Reproduce, character for character, the lines below from the first through the one with "Aerial view of". Leave pictures out.

**The data**
--------
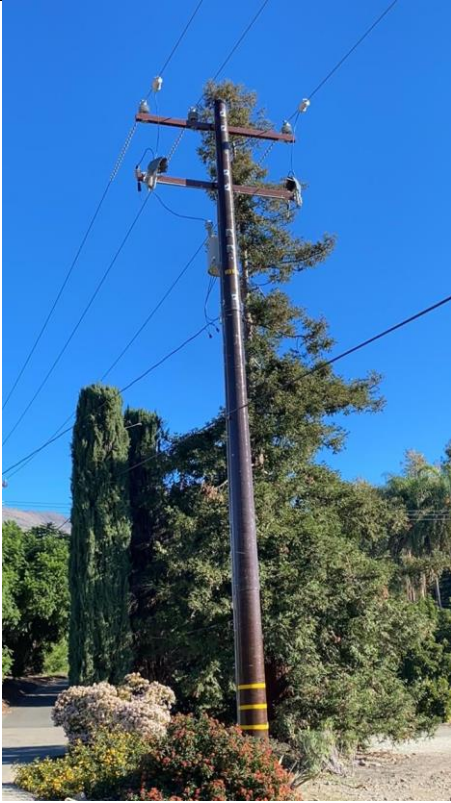
Item5GImg1: Overall pole
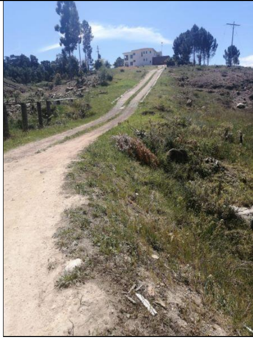
Figure 11: Existing road where external water pipeline would be routed
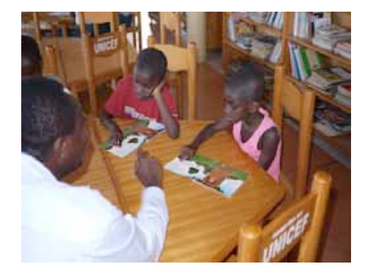
a reading class at Takoradi Centre
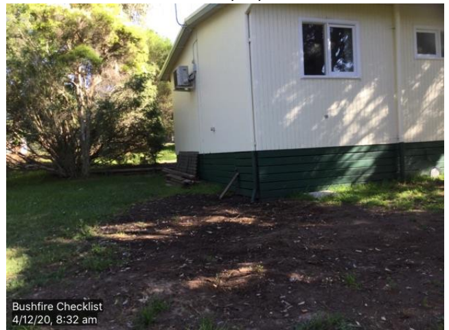
Taken : 04/12/2020
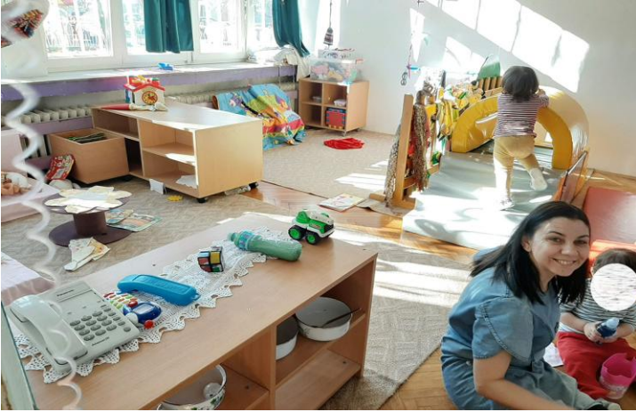
RC Bor-GG 2120208 -“Years of Ascent”, special equipment for kindergartens, budget $65,120.00
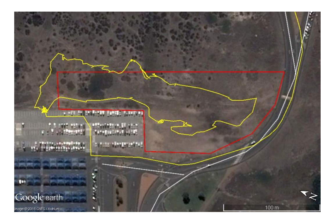
Aerial view of the site showing the walk paths created during the ground survey.
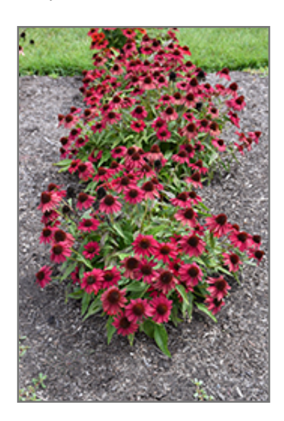
Sombrero Baja Burgundy Coneflower in bloom
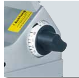
Slice thickness control knob for precise adjustment from 0 - 24 mm
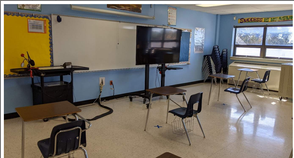
Academics and Learning: Typical studio has adequate daylight, dated furniture and some upgraded technology.
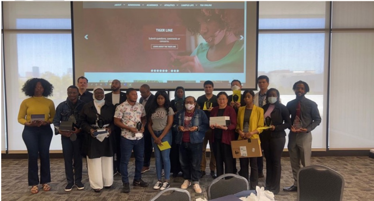
Figure 4. TSU Research Week - Winners
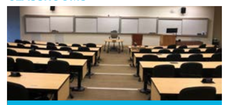
1213 - Seats 76
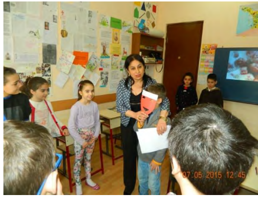
Piloting lesson in one of the Tbilisi schools

In October, within their visit to Georgia, Tanadgoma was visited by large delegation of RFSU board and members. This was one more step in expanding partnership, and also served Tanadgoma in its advocacy efforts targeting Ministry of Education.
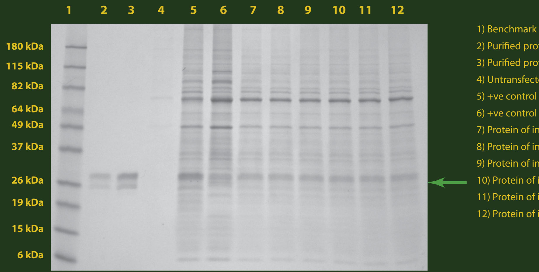
4-20% SDS-PAGE Quick Blue Stain Commassie Gel

This gel shows equal bands from 5 replicates of a low expressing protein, producing roughly 10 to 20 mg/L.
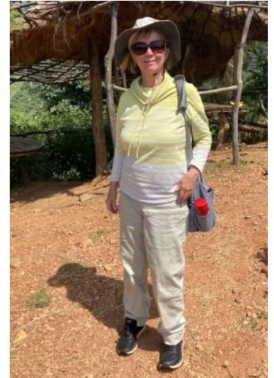
Serving in Kenya
--------
**Exercise response**
Item5GImg1: Overall pole
Figure 11: Existing road where external water pipeline would be routed
a reading class at Takoradi Centre
Taken : 04/12/2020
RC Bor-GG 2120208 -“Years of Ascent”, special equipment for kindergartens, budget $65,120.00
Aerial view of the site showing the walk paths created during the ground survey.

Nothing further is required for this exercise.